Peter Robinson · July 20, 2010 at 11:31pm

For anybody interested in politics here in California--and, now that the state is in such a mess, that's nearly everyone who lives here--reading up on the pension crisis is like forcing down Robitussin. You know you've got to do it, but...yuck. Now Mark Paul and Micah Weinberg of the New America Foundation have published a thoughtful, well-written, concise analysis--as un- unpleasant a way of boning up on the subject as I've encountered. A couple of excerpts about the trouble we're in:

California's public pensions are complex and multiple....But one generalization applies: benefits in California are, by almost all measures, the highest in the country....

An average-wage employee who retires from the state at Social Security retirement age (66) with 30 years of service receives a pension equal to 75 percent of final compensation, along with Social Security benefits that replace about 42 percent of career average earnings.

Not that Paul and Weinberg aren't talking here about state employees who perform especially important jobs, running, say, entire state agencies, or who perform especially dangerous or unpleasant jobs, such as, for example, prison guards. They're talking about ordinary joes.
And whereas state employees face cushy retirements, Californians facing retirement in the private sector now have reason to feel the jitters:

In the past, California families counted on the equity in their homes as a key source of retirement saving....[But i]n the first quarter of 2010, 34 percent of all mortgage holders in the state had near zero or negative equity....Sixty-five percent of the mortgages in Stockton were in a negative or near-negative position, 62 percent in Modesto, and 60 percent in Vallejo-Fairfield.

My fellow Californians, read it and weep.

Comments:


Mel Foil
Joined
Jun '10
etoiledunord

Most Californians probably thought that public-sector pension checks come from the same place as the sunny beaches, mountain vistas, cool afternoon breezes, red sunsets, and moonlit seascapes--magic.

A Murder of Cows
Joined
Jul '10
A Murder of Cows

The political difficulty is that there's always some popular group of workers, a representative of which can be trotted out in front of the cameras to plead with the voters. Often it's nurses. Who hates nurses? They do a difficult and sometimes thankless job, and often receive a lot less professional respect than they deserve—a theme which resonates with nearly anyone who thinks they receive a lot less professional respect than they deserve.

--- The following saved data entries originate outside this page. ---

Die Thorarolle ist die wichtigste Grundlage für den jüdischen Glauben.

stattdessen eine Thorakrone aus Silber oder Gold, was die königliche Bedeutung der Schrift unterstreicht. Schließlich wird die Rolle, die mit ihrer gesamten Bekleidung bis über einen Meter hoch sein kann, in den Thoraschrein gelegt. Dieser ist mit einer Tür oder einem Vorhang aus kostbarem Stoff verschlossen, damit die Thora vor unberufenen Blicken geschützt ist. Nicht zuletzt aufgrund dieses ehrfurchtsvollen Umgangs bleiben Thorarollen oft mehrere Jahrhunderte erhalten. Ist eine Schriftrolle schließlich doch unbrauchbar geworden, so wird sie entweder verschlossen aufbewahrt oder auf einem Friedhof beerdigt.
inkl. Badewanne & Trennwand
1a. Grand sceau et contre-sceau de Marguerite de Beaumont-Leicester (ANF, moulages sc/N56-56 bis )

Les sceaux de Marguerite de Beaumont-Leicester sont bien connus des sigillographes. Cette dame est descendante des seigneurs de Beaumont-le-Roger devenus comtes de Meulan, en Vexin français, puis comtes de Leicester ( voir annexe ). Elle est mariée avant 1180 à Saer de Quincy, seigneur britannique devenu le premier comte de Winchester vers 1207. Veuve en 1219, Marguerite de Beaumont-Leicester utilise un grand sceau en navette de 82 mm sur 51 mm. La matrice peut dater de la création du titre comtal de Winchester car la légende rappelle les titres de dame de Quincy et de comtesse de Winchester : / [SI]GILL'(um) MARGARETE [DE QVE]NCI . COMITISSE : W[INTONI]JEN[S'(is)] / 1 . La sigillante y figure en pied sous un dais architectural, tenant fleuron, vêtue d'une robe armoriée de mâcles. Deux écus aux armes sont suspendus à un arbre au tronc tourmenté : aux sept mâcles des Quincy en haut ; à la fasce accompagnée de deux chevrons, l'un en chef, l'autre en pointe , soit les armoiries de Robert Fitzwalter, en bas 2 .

So the unions shift the question and soon we're debating about whether we should "blame the nurses," an argument reformers are doomed to lose.

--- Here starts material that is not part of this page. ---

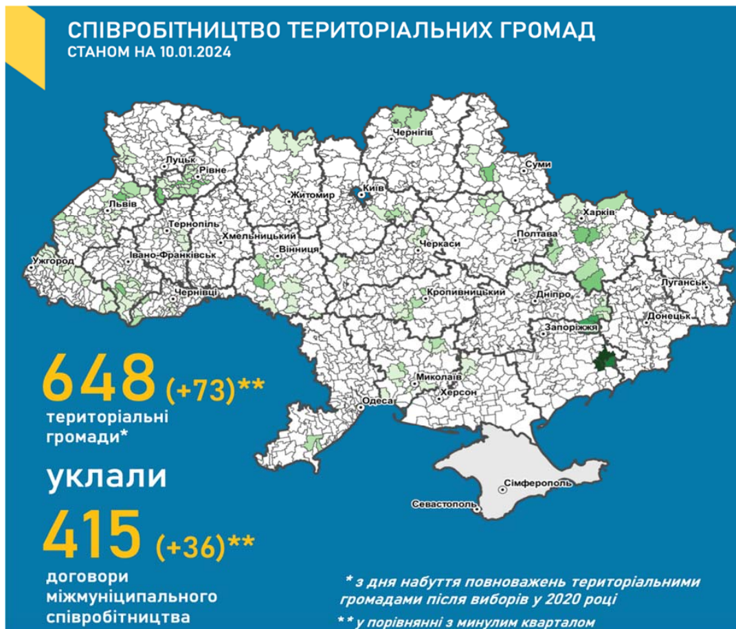
Рис. 1. Показники співробітництва територіальних громад України станом на 10.01.2024

За даними опитування, 45% територіальних громад, які мали досвід співробітництва,
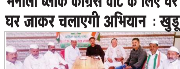
कांग्रेस सेवादल की बैठक के दौरान कांग्रेस व सेवादल के पदाधिकारी।

अनंत ज्ञान, पतलीकूहल जिला कुल्लू के कटराई स्थित शुभम मनाली ब्लॉक कांग्रेस के सभी सेवा दल की बैठक का आयोजन किया गया। इस बैठक में मनाली ब्लॉक के पदाधिकारियों ने भाग लिया।

I fear this will get a lot worse before it gets better. As a Californian, I'd love nothing more than to be proven wrong. If someone has a plausible argument for optimism, I'm all ears.

One slightly encouraging point of date: even here in union-friendly ur-progressive San Francisco, a modest public employee pension reform measure qualified for the ballot. It appears to be a cynical effort by a left-wing pol to position himself centerwards for a run for higher office, but I'll take reform where I can get it.

HeartlandPatriot
Joined
Jun '10
HeartlandPatriot

Once the housing market recovers, the California exodus of the productive middle class will begin again in earnest. The only thing keeping most middle class Californians in place is the negative equity in their homes.

I was fortunate to bail out in 2003 and move to Indiana. Wow what a difference! I love it here.